## TASK BRIEF
Give an exact copy of the data that follows, but none of its pictures.

[Data extracted from a collection]
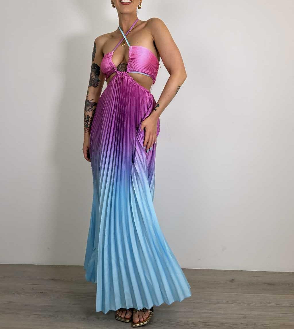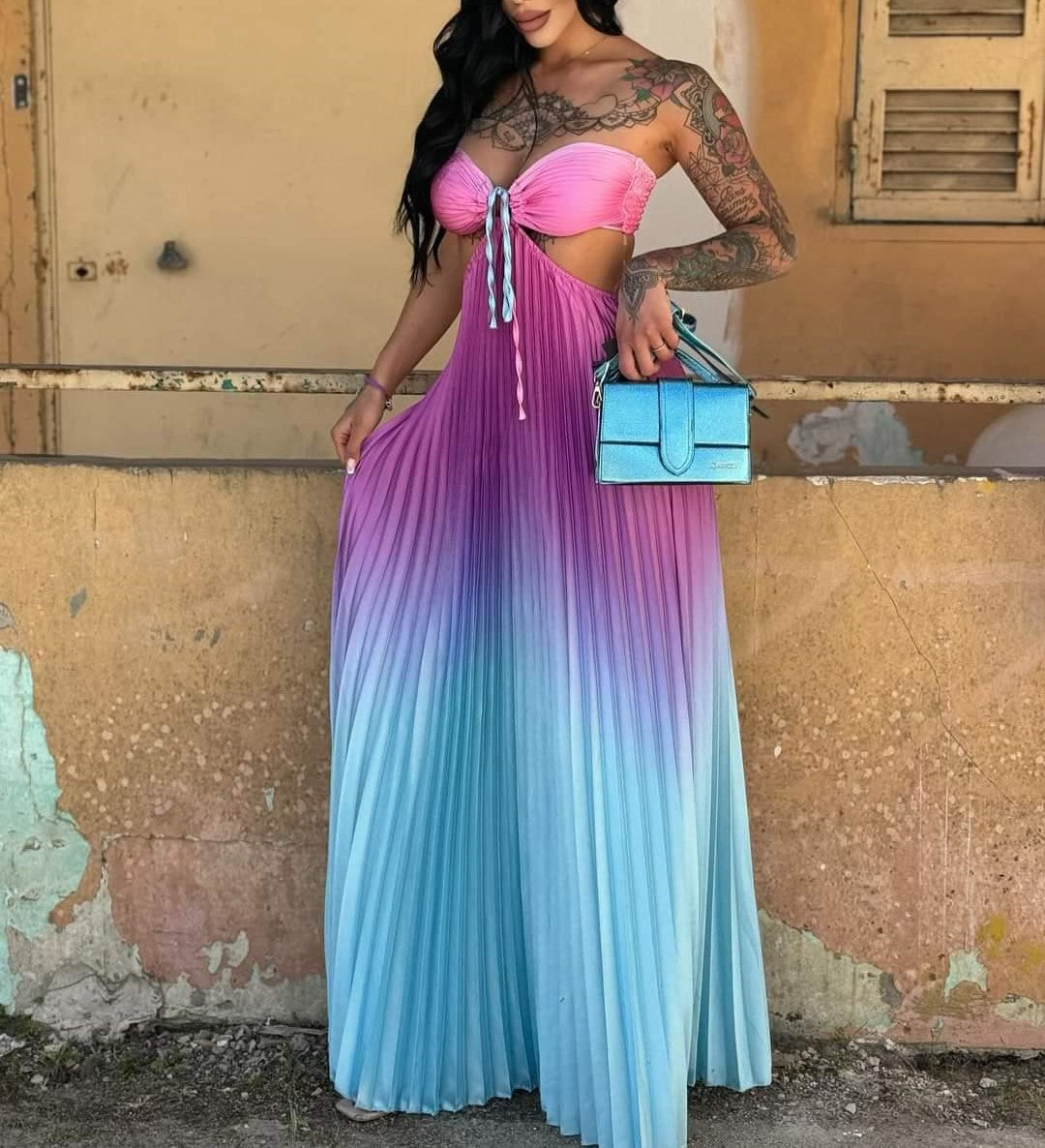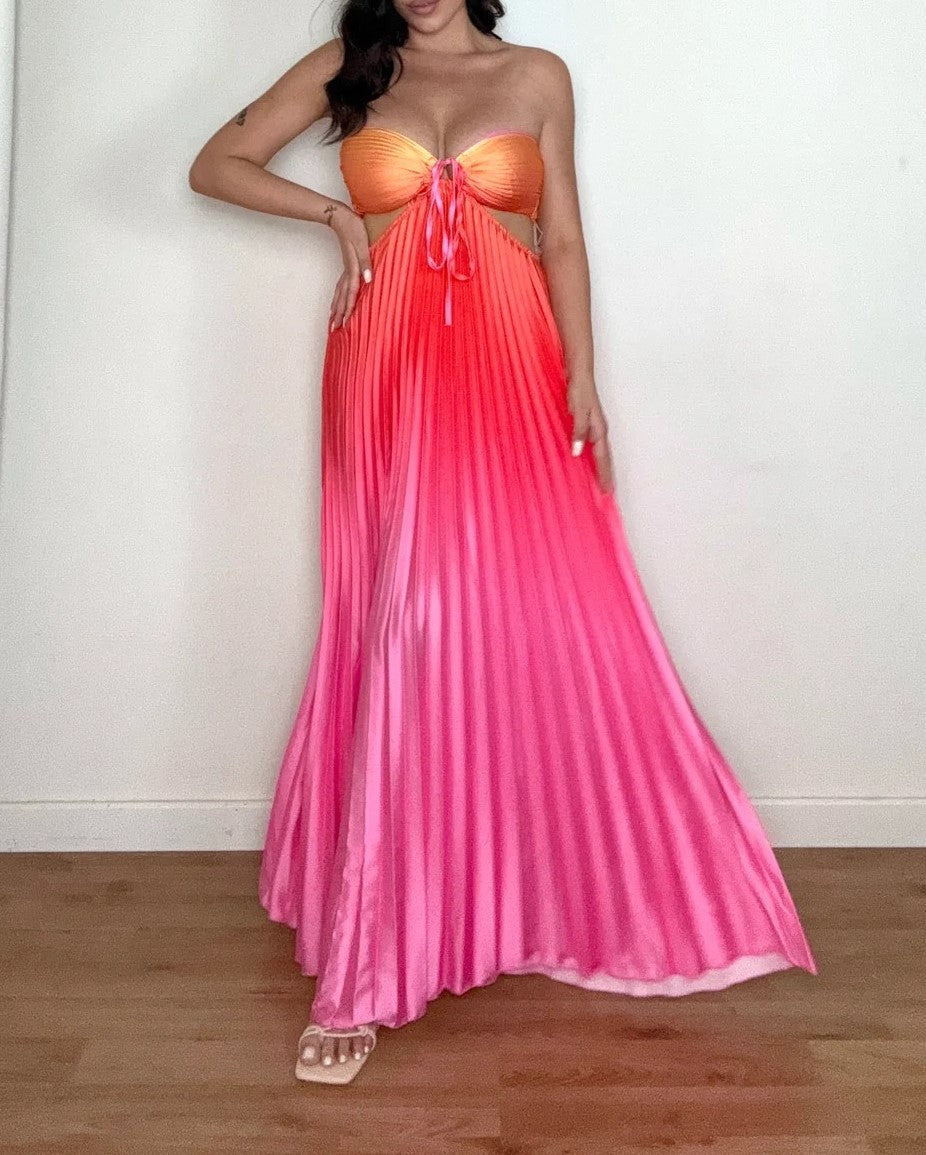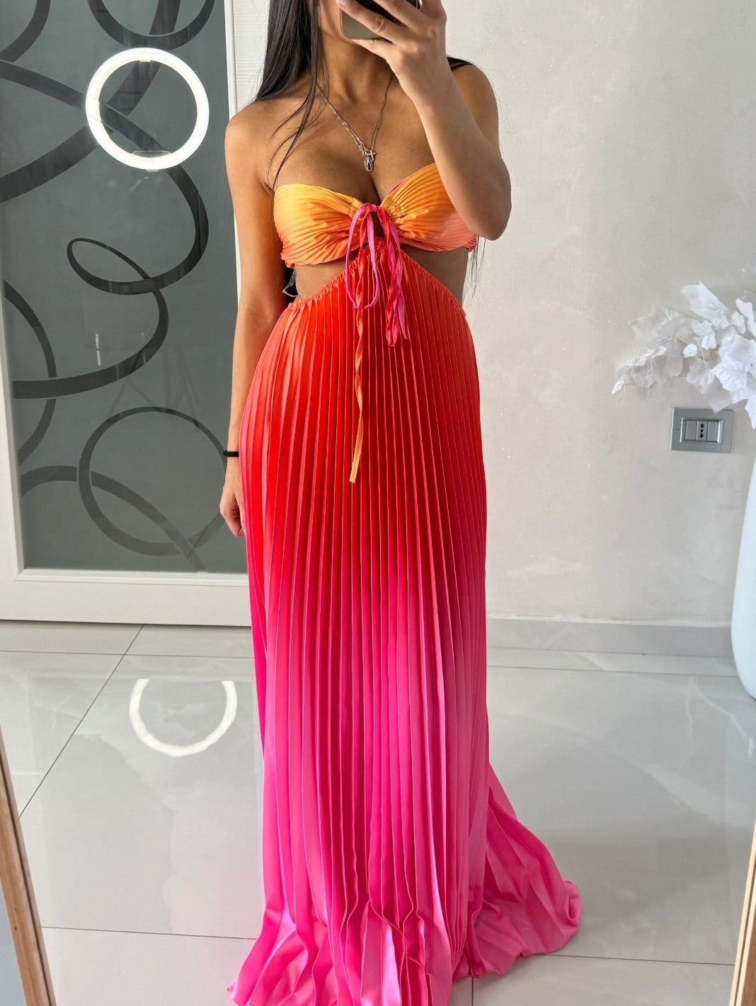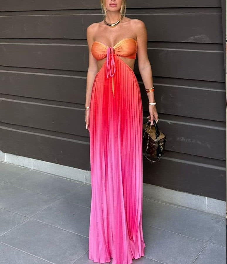 Abito a fascia morbido , effetto raso con gonna plissettata e apertura sui fianchi elastico sul retro e allacciatura centrale. . Fabbricato in Italia.
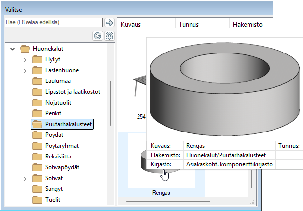 Selvitä ensin, mihin kirjastoon komponentti on tallennettu. Esimerkiksi rakennuskomponenttiselaimesta lisättävän komponentin kirjaston kuvauksen saat selville viemällä kohdistimen komponentin pienoiskuvan päälle.
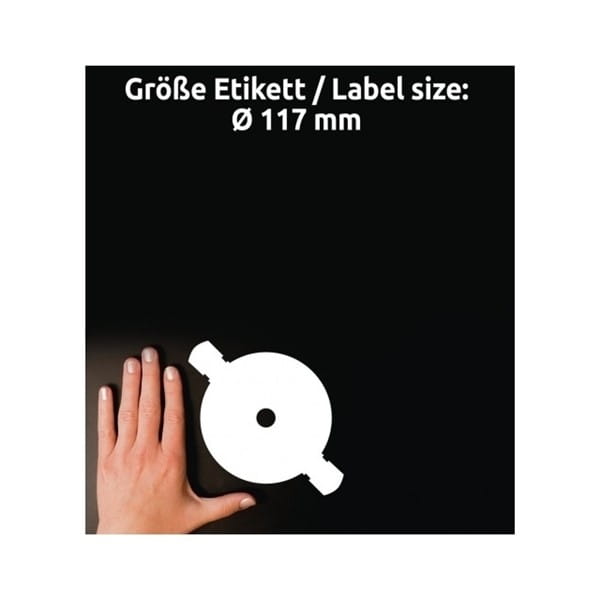 - Etykiety do indywidualnego oznaczania płyt CD w rozmiarze SuperSize etykiety zakrywają całą powierzchnię płyty, dając więcej miejsca na informacje i grafikę
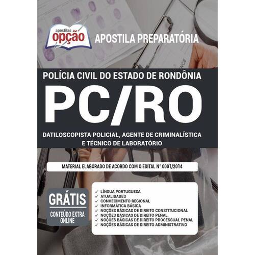 Apostila PC RO Datiloscopista Policial Agente Criminalística Apostila para Concurso PC-RO 2021 para o cargo de Datiloscopista Policial, Agente de Criminalística e Técnico de Laboratório Características do Produto - Formato: Impressa Papel A4 - Marca: Apostilas Opção- Autor: Professores Especializados- Modelo: Livro Brochura - Medidas 21x29cm- Quantidade de Páginas: 712- Ano de Publicação: 2021 A Apostila Concurso PC-RO 2021 - Datiloscopista Policial, Agente de Criminalística e Técnico de Laboratório contempla as seguintes matérias:Língua PortuguesaAtualidadesConhecimento RegionalInformática BásicaNoções Básicas de Direito ConstitucionalNoções Básicas de Direito PenalNoções Básicas de Direito Processual PenalNoções Básicas de Direito Administrativo 712 Páginas
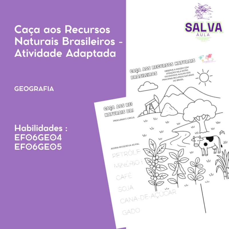 Atividade lúdica onde os alunos localizam recursos naturais escondidos em uma ilustração. Depois, reescrevem os nomes e reforçam o reconhecimento dos principais elementos da economia e natureza brasileira. Indicada para anos iniciais e AEE
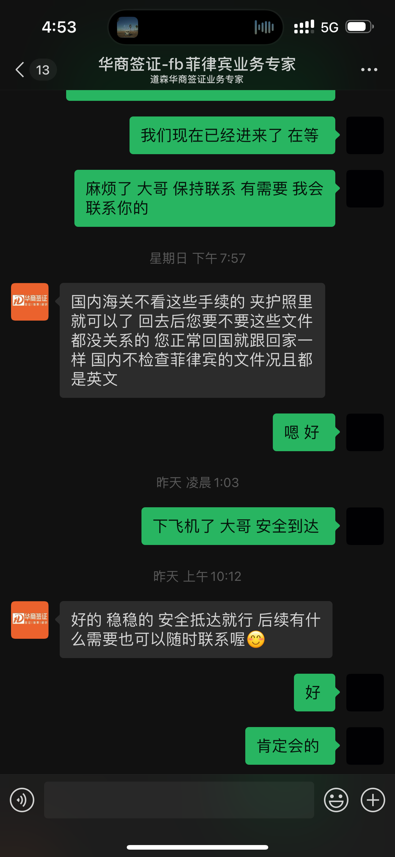 之前找他们办我爸妈的菲律宾旅游签,她想来看我顺便来旅游,然后出了之后又找他们办保关找华商方便,因为华商会给你出酒店订单和回程订单还帮你天入境码好入关一点,不然两个老人怎么弄,现在我妈刚回国半个月又想来没办法只能又找华商给她再办理一次了
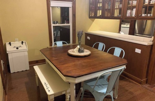 Fly Creek Manor has 4 bedrooms and 2 bathrooms. The master bedroom is downstairs and has a king bed. The remaining 3 bedrooms are upstairs, 2 have queen beds and 1 has two full beds as well as a bean bag that converts to a spare king sized bed (CourdaRoy’s brand). An air mattress can also be provided if this is more comfortable to use. With all these beds including the spare CordaRoy bed or air mattress the house comfortably fits 12. There is one bathroom upstairs and one downstairs. Both has walk in showers, no tubs. There is a dedicated work space with a desk and there is Spectrum WiFi provided. The living room has 2 couches that will each seat 3 people and a TV set up for streaming such as Netflix, Disney Plus and Amazon Video. There is a full kitchen with everything you need to cook during your stay. There is a lovely large washer and dryer as well to use! Outside is a private yard with a charcoal BBQ and a fire pit. Fly Creek Manor is so cute and cozy you won’t want to leave! We have left all the charm that makes it an 1800s home but still providing all the amenities needed to have a wonderful and cozy and relaxing stay!
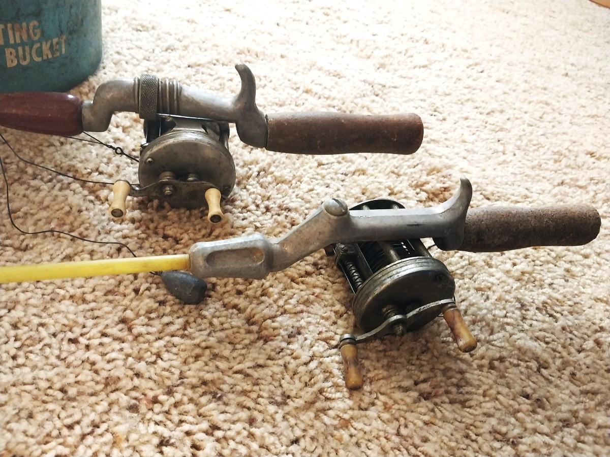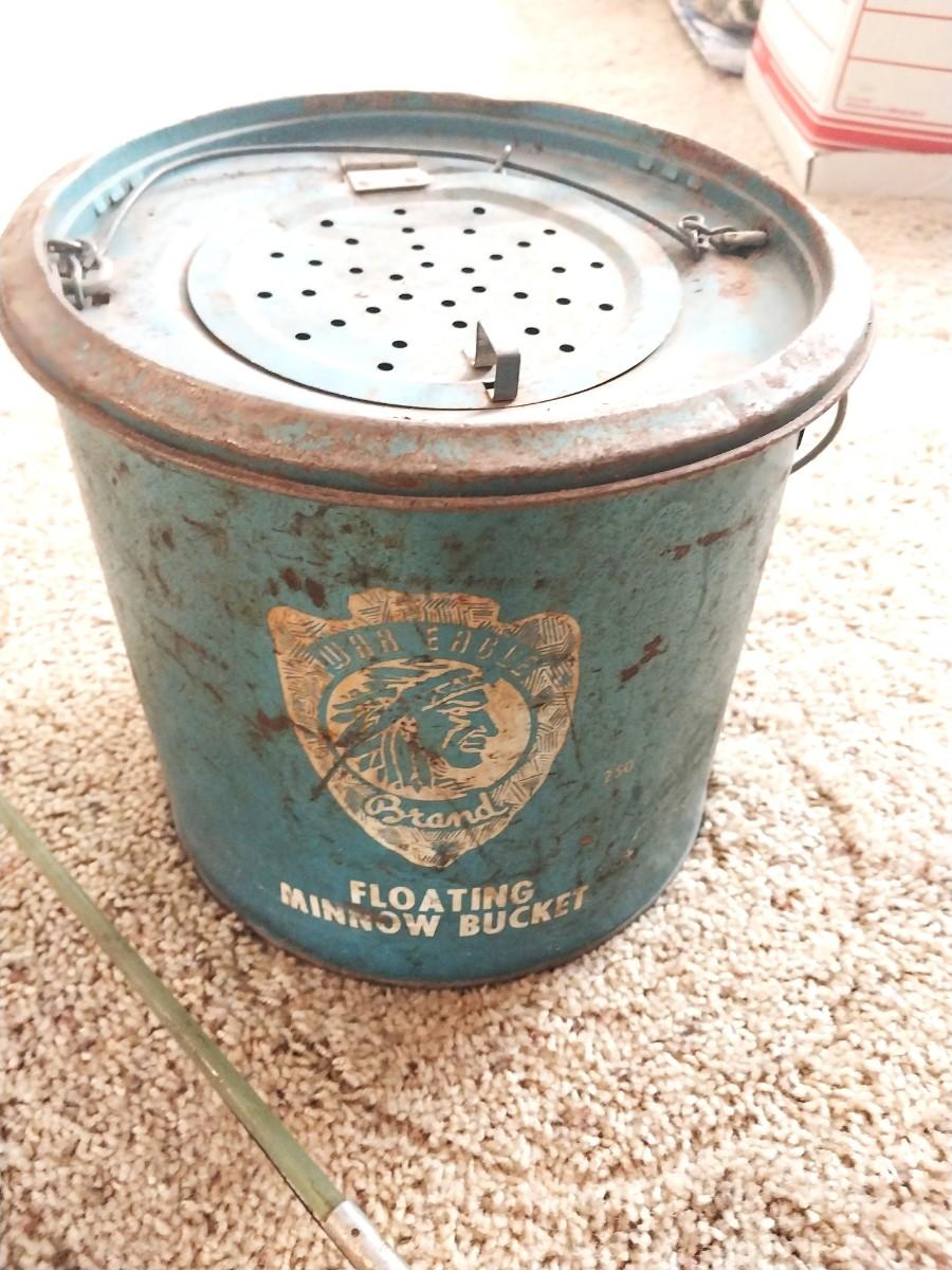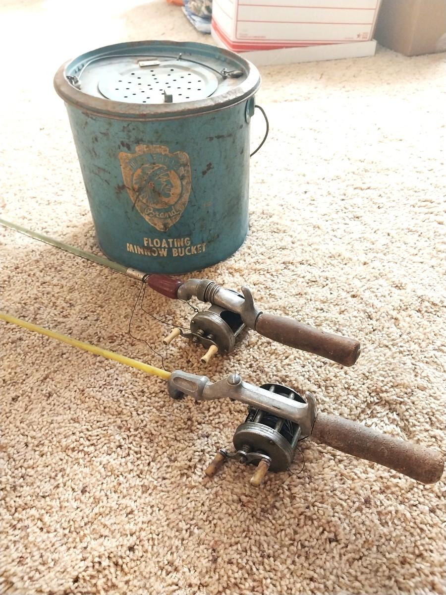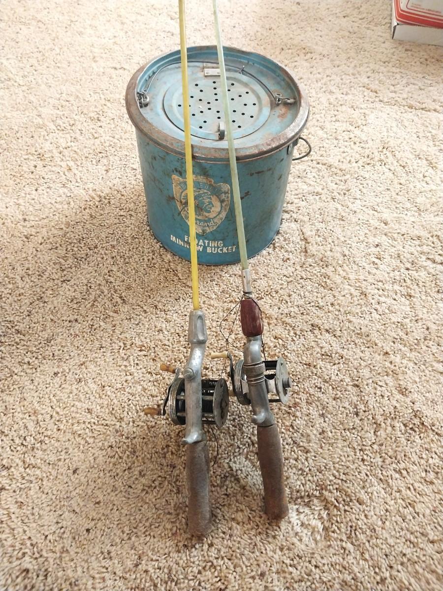 VINTAGE FISHING POLES AND FLOATING MINNOW BUCKET

## ANSWER TO THE EXERCISE
 Abito a fascia morbido , effetto raso con gonna plissettata e apertura sui fianchi elastico sul retro e allacciatura centrale. . Fabbricato in Italia.
 Selvitä ensin, mihin kirjastoon komponentti on tallennettu. Esimerkiksi rakennuskomponenttiselaimesta lisättävän komponentin kirjaston kuvauksen saat selville viemällä kohdistimen komponentin pienoiskuvan päälle.
 - Etykiety do indywidualnego oznaczania płyt CD w rozmiarze SuperSize etykiety zakrywają całą powierzchnię płyty, dając więcej miejsca na informacje i grafikę
 Apostila PC RO Datiloscopista Policial Agente Criminalística Apostila para Concurso PC-RO 2021 para o cargo de Datiloscopista Policial, Agente de Criminalística e Técnico de Laboratório Características do Produto - Formato: Impressa Papel A4 - Marca: Apostilas Opção- Autor: Professores Especializados- Modelo: Livro Brochura - Medidas 21x29cm- Quantidade de Páginas: 712- Ano de Publicação: 2021 A Apostila Concurso PC-RO 2021 - Datiloscopista Policial, Agente de Criminalística e Técnico de Laboratório contempla as seguintes matérias:Língua PortuguesaAtualidadesConhecimento RegionalInformática BásicaNoções Básicas de Direito ConstitucionalNoções Básicas de Direito PenalNoções Básicas de Direito Processual PenalNoções Básicas de Direito Administrativo 712 Páginas
 Atividade lúdica onde os alunos localizam recursos naturais escondidos em uma ilustração. Depois, reescrevem os nomes e reforçam o reconhecimento dos principais elementos da economia e natureza brasileira. Indicada para anos iniciais e AEE
 之前找他们办我爸妈的菲律宾旅游签,她想来看我顺便来旅游,然后出了之后又找他们办保关找华商方便,因为华商会给你出酒店订单和回程订单还帮你天入境码好入关一点,不然两个老人怎么弄,现在我妈刚回国半个月又想来没办法只能又找华商给她再办理一次了
 Fly Creek Manor has 4 bedrooms and 2 bathrooms. The master bedroom is downstairs and has a king bed. The remaining 3 bedrooms are upstairs, 2 have queen beds and 1 has two full beds as well as a bean bag that converts to a spare king sized bed (CourdaRoy’s brand). An air mattress can also be provided if this is more comfortable to use. With all these beds including the spare CordaRoy bed or air mattress the house comfortably fits 12. There is one bathroom upstairs and one downstairs. Both has walk in showers, no tubs. There is a dedicated work space with a desk and there is Spectrum WiFi provided. The living room has 2 couches that will each seat 3 people and a TV set up for streaming such as Netflix, Disney Plus and Amazon Video. There is a full kitchen with everything you need to cook during your stay. There is a lovely large washer and dryer as well to use! Outside is a private yard with a charcoal BBQ and a fire pit. Fly Creek Manor is so cute and cozy you won’t want to leave! We have left all the charm that makes it an 1800s home but still providing all the amenities needed to have a wonderful and cozy and relaxing stay!
 VINTAGE FISHING POLES AND FLOATING MINNOW BUCKET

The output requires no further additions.